By ROBERT TRUSSELL
The Kansas City Star
In all of Shakespeare there are just two Jewish characters, both found in “The Merchant of Venice.”
One is world famous: Shylock, the moneylender who demands as his security a “pound of flesh,” a role that has been played by the leading actors of every age since the play was first performed. The other is Tubal, Shylock’s friend, who dwells among Shakespeare’s most obscure characters.
That’s the starting point for “Shylock,” a one-actor play by Gareth Armstrong that theatergoers can see Guy Masterson perform as part of “British Invasion 2011” at Metropolitan Ensemble Theatre. This two-act play is wide-ranging, encyclopedic, profoundly serious and very funny as it intertwines theater history with the perception and treatment of Jews in Britain.
Masterson, a charismatic performer with a booming voice and a larger-than-life stage presence, brings a refined sensibility to this piece. That play is dense and complex but Masterson maintains maximum clarity throughout. Masterson plays our host for the evening, Tubal himself, who insists that even though Shakespeare gives him only eight lines, he is nevertheless an important and influential character.
Some of the history is sobering: the murder in 1140 of William of Norwich, a youth whose violent death was attributed to Jews and originated the myth of Jews using the blood of Christian children in religious ritual; the York massacre of 1190; the ruling by Pope Innocent III in 1215 that all Jews (and Muslims) should publicly wear a yellow badge, long before the Nazis; and the expulsion of Jews by edict of Edward I in 1290.
Oliver Cromwell’s decision in 1656 to allow them to return was motivated in part, the play suggests, by the economically depressed country’s need for some banking expertise.
Tubal also guides us through the history of the English theater, beginning with the observation that – because of the expulsion – William Shakespeare had never met a Jew. Nor did he know much about Venice. And he had a jumbled sense of geography.

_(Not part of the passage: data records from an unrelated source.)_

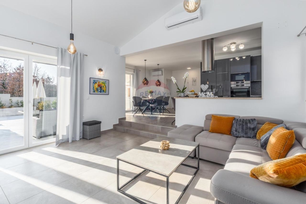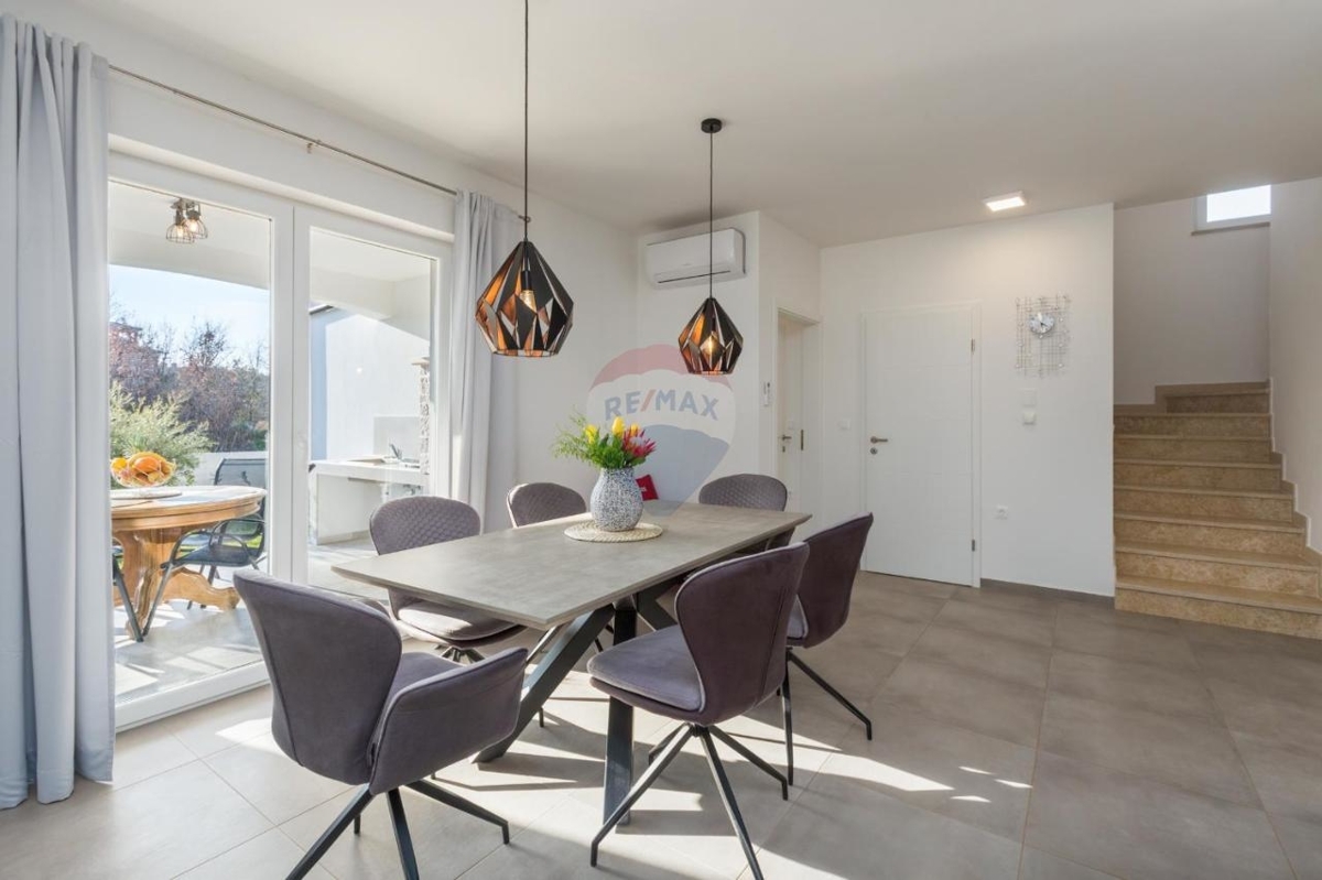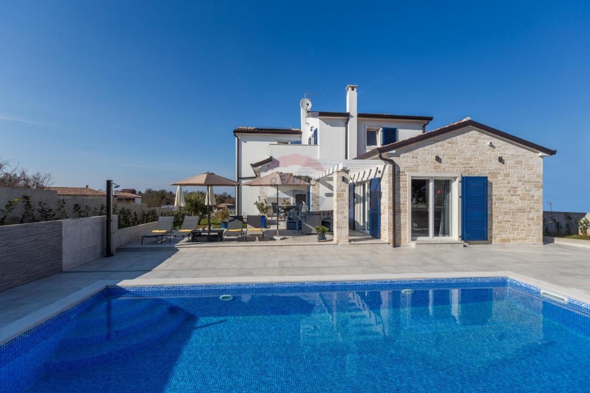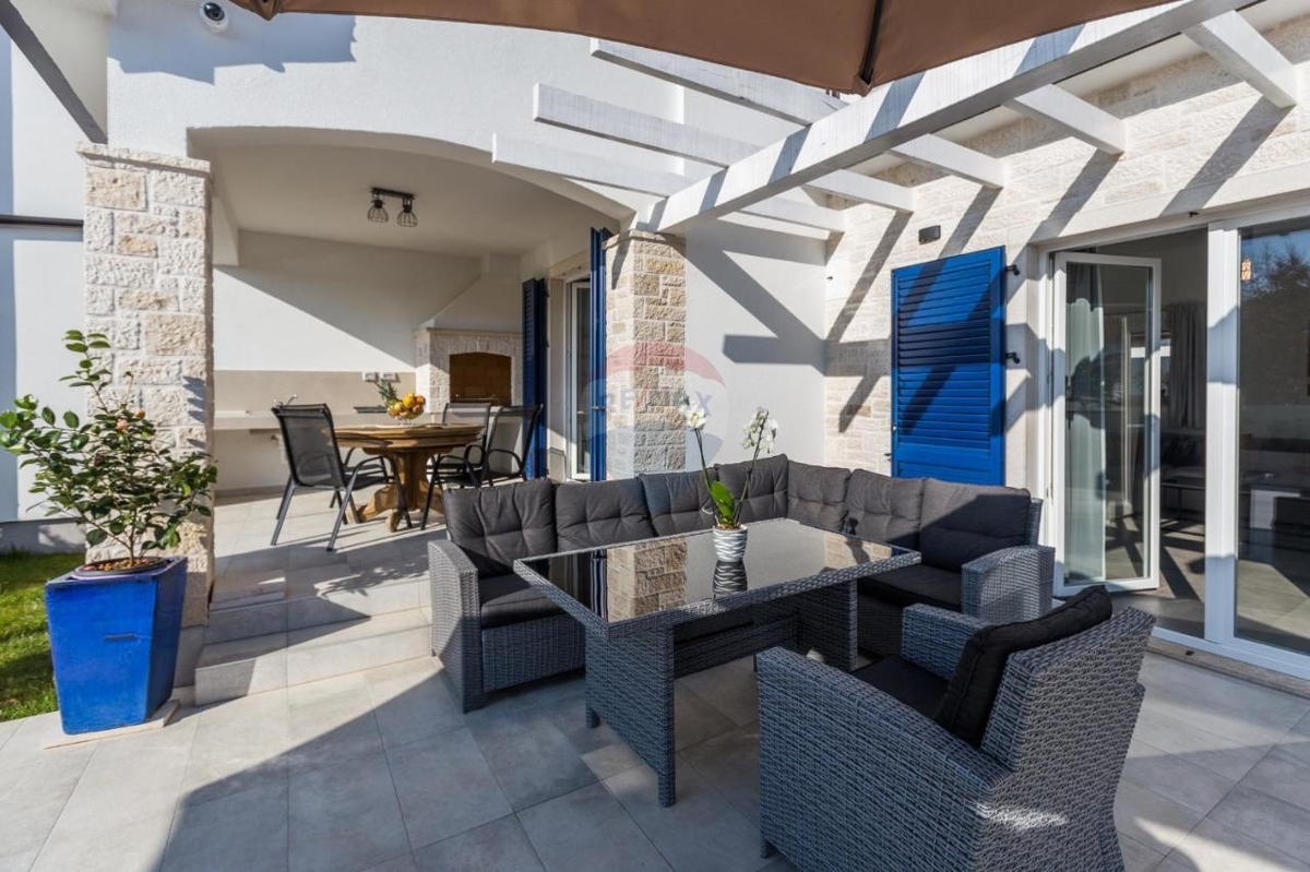 Diese schicke Villa befindet sich in der nahen Umgebung von Porec und bietet neben einer grünen Umgebung einen Rückzugsort für Ruhe und Privatsphäre in der beliebten Küstenstadt Istriens.Im Erdgeschoss befindet sich ein großer, offener Wohn-Ess-Bereich mit einer modernen, ausgestatteten Küche mit Insel. Der Wohnbereich bietet einen direkten Ausgang zur überdachten Terrasse. Desweiteren verfügt das Stockwerk über ein Schlafzimmer mit eigenem Badezimmer sowie ein separates Gäste-WC.
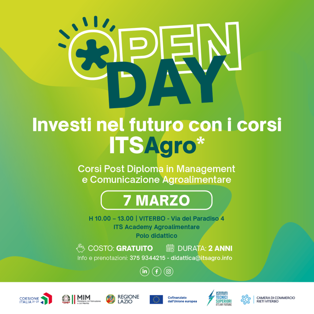 ITS Agro (Fondazione ITS Academy Agroalimentare) organizza un open day venerdì 7 marzo, dalle ore 10.00 alle 13.00, presso la sede di Viterbo, Via del Paradiso 4, per presentare i percorsi biennali post diploma gratuiti e far conoscere da vicino il metodo ITS: lezioni, laboratori, project work e stage in azienda.
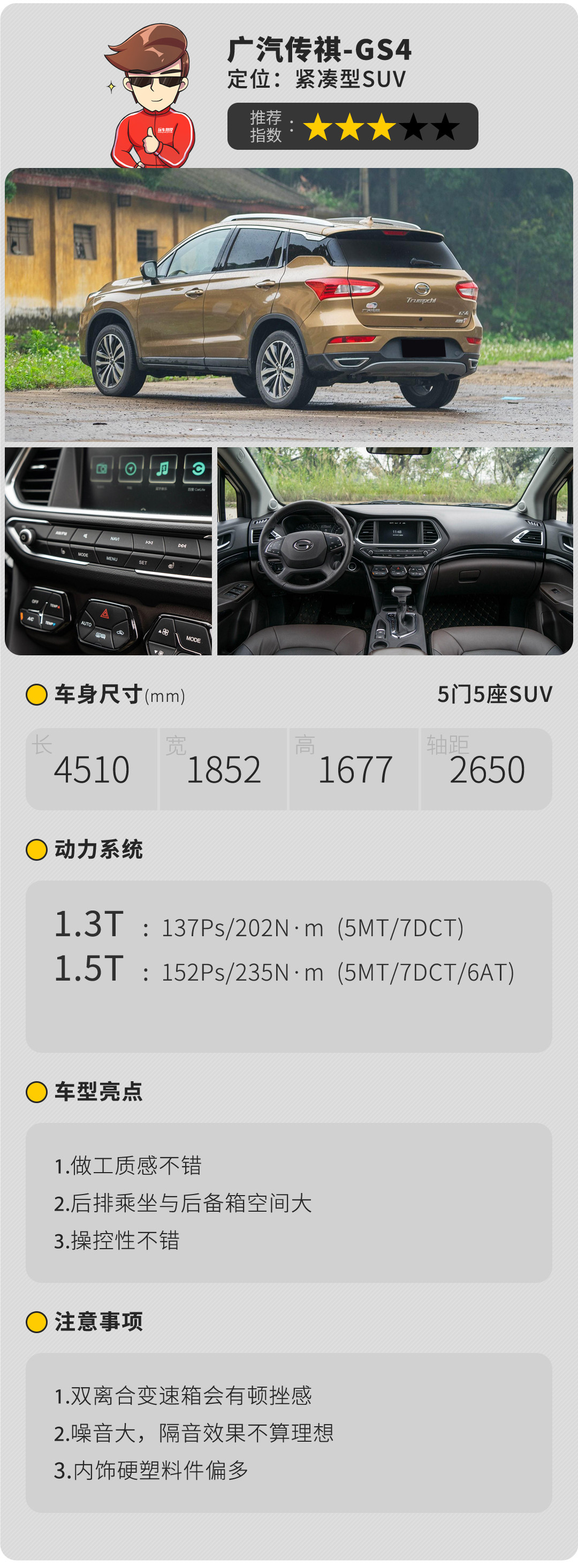内饰营造的层次感不错,各个功能布局清晰,做工水准也很高,不过在用料上还需加把劲;底盘表现有着不错的功底,路感清晰之余,振动也抑制得不错,对路面细小的颠簸处理还算得体,有着让人满意的舒适性。
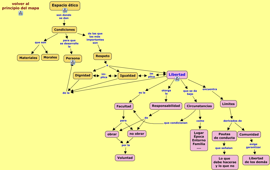 Este Cmap, tiene información relacionada con: EspacioEtico, Respeto a Igualdad, Circunstancias que condicionan Facultad, Libertad encuentra Límites, Circunstancias como Lugar Época Entorno Familia ...., Libertad es la Facultad, Igualdad de la Persona, Comunidad exige garantizar Libertad de los demás, Límites derivados de Comunidad, Respeto a Libertad, Libertad otorga la Responsabilidad, Responsabilidad de obrar, Pautas de conducta que señalan Lo que debe hacerse y lo que no, Igualdad im plica Libertad, Facultad para obrar, Libertad que se da bajo Circunstancias, Dignidad de la Persona, Condiciones que son Materiales, Condiciones para que se desarrolle la Persona, no obrar por la Voluntad, Condiciones que son Morales
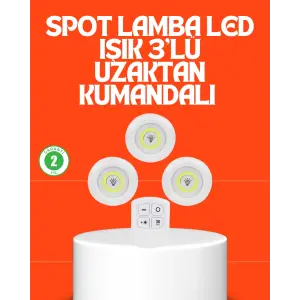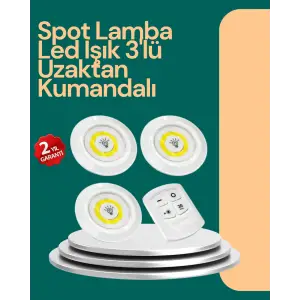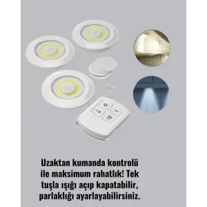 Uzaktan Kumandalı 3 Lü Kablosuz Led Spot Lamba Seti Yapışkanlı Pratik Kullanım
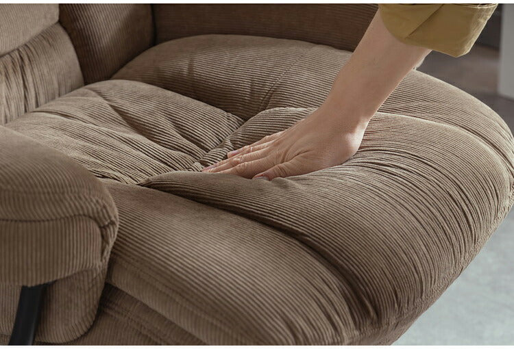 高級感とこなれ感のあるデザイン性が人気のコーデュロイ張地を採用した、まるで寝具に包まれるような座り心地と寝心地を実現するパーソナルチェア。長時間、快適な座り心地を提供します。
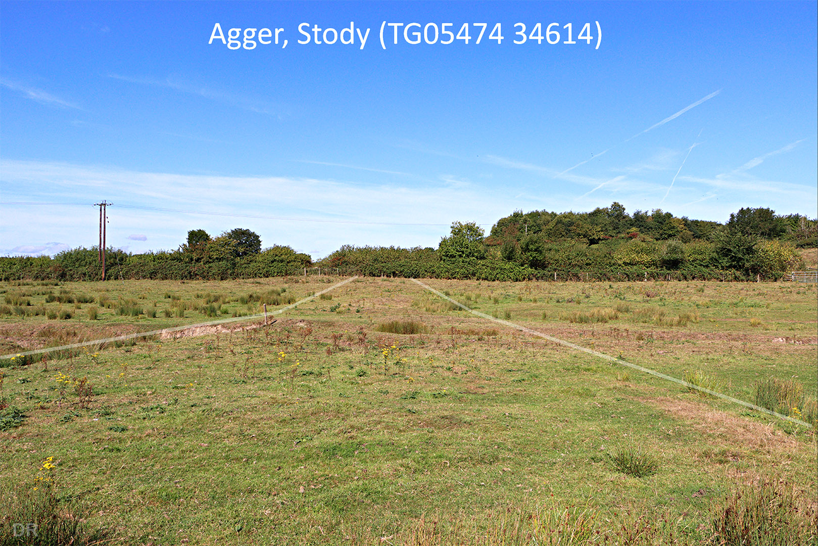 The road here is in the private Stody Estate with no access so this Google Earth view looking from the north is the best we have. The causeway/agger across the valley can be faintly made out.
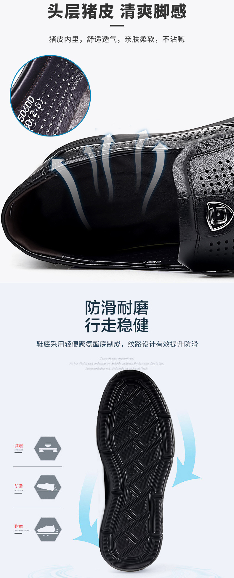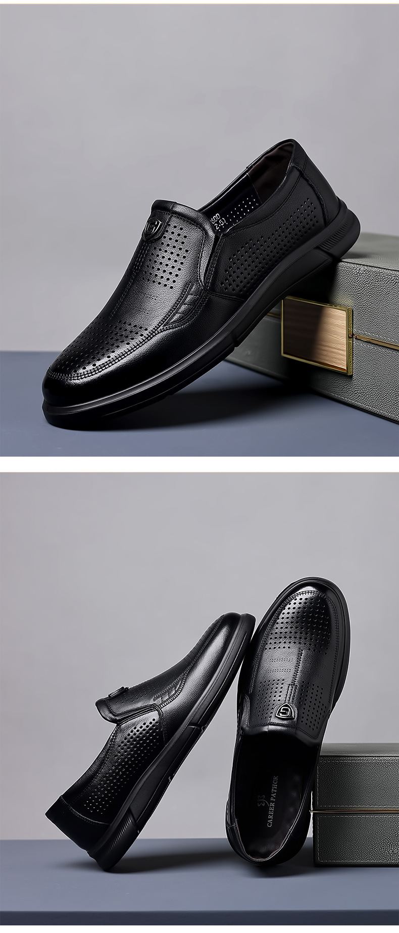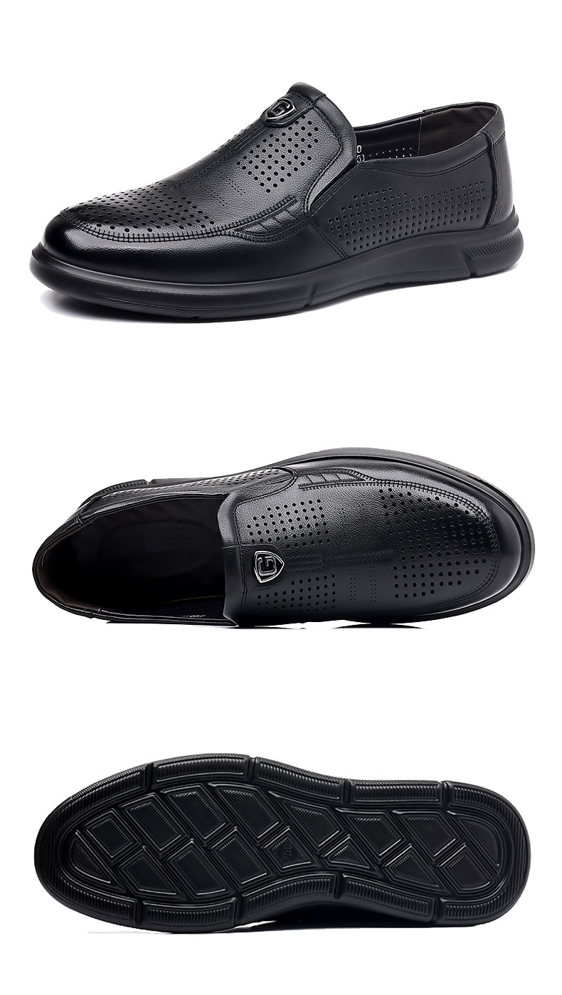Giày nam thiết kế dạng xỏ chân tiện lợi, phù hợp cho cả công sở và dạo phố. Sản phẩm được làm từ chất liệu da thật tự nhiên, bề mặt có các lỗ thông hơi nhỏ giúp mang thoáng mát suốt ngày dài. Kiểu dáng thanh lịch kết hợp với đế nhẹ tạo cảm giác dễ chịu khi di chuyển. Bạn chỉ cần xỏ chân vào là có thể sử dụng ngay, rất thuận tiện cho các hoạt động thường nhật. | Tên sản phẩm: Giày Dép Sandal Nam Chất Liệu Da Bò - Giày Dép Nam | Mã sản phẩm: B3416 - Giá: 980.000đ | Mã nhà sản xuất: WEDS-G03Hình ảnh sản phẩm
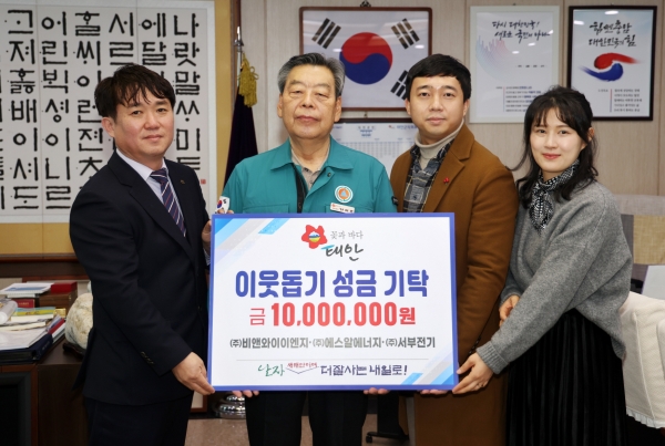 [충청뉴스큐] 충남지역 신재생에너지 업체인 ㈜비앤와이이엔지, ㈜에스알에너지, ㈜서부전기가 태안군에 이웃사랑 성금을 기탁했다.

Early on Shylock was portrayed in the broadest stereotypical way, with a hook nose and ginger hair, depicted as either a clown or a monster. But things began to change when Charles Macklin, an 18th century star of the London stage, played Shylock in an “authentic” manner by researching the traditional Jewish customs and dress. In the 19th century, Edmund Keane established a new tradition of portraying Shylock sympathetically, as a victim of bigotry.
The piece allows Masterson to recreate scenes from “The Merchant of Venice,” sometimes humorously, and to perform amusing asides about the New Testament, the fate of minor characters and the plight of minor actors.
It all adds up to a sumptuous theatrical, historical and intellectual feast served up in a bravura performance.